1. Adam (A), Betsy (B) and Cathy (C) decided to form a partnership, which was founded on 01/01/2015. Adam contributed cash $20,000 and inventory with market value of $30,000. B contributed a piece of land with market value of $80,000 with unpaid mortgage in the amount of $30,000. C contributed PPE with market value of $50,000 and Cs expertise is deemed to be worth of $50,000 by all the 3 partners.

a. If ABC decided to use goodwill method to document the creation of the partnership, what are the journal entries and what are the values of capital under respective partners names (3 points)?

b. If ABC decided to use bonus method to document the foundation of the partnership, what are the journal entries and what are the values of capital under respective partners names (3 points)?
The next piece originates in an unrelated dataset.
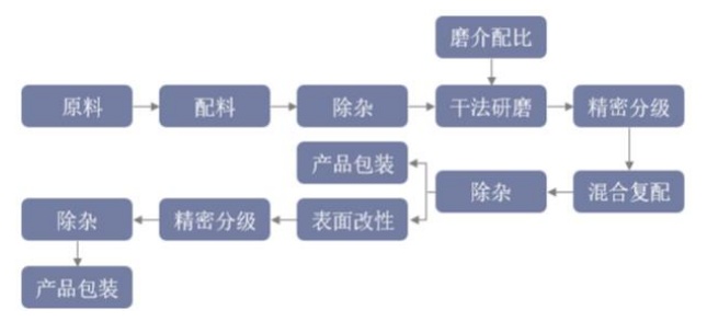 干法研磨是将硅微粉原料放进球磨机或振动磨中研磨,该研磨工艺可以连续进料和出料,也可以一次投入若干重量原料,连续研磨若干时间后出料;出料时要经过微粉分级机控制粒度,粗的产物返回磨机再磨或作为产品,细的则是产品。干法研磨要严格控制入磨物料水分,产品不再干燥。

C. Assuming that every year the profit among different partners will be shared in the ration of 10%, 30% and 60%, and partners have to retain 75% of their share profits in the partnership in the case of profit. What are the balances of each partners capital by the end of each year using both goodwill and bonus method (2015 and 2016)?

c.1. The partnership made $10,000 in 2015 and had a loss of $20,000 in 2016 (Goodwill method) (5 points).

c.2: The partnership made $15,000 in 2015 and had a loss of $25,000 in 2016 (bonus method) (5 points).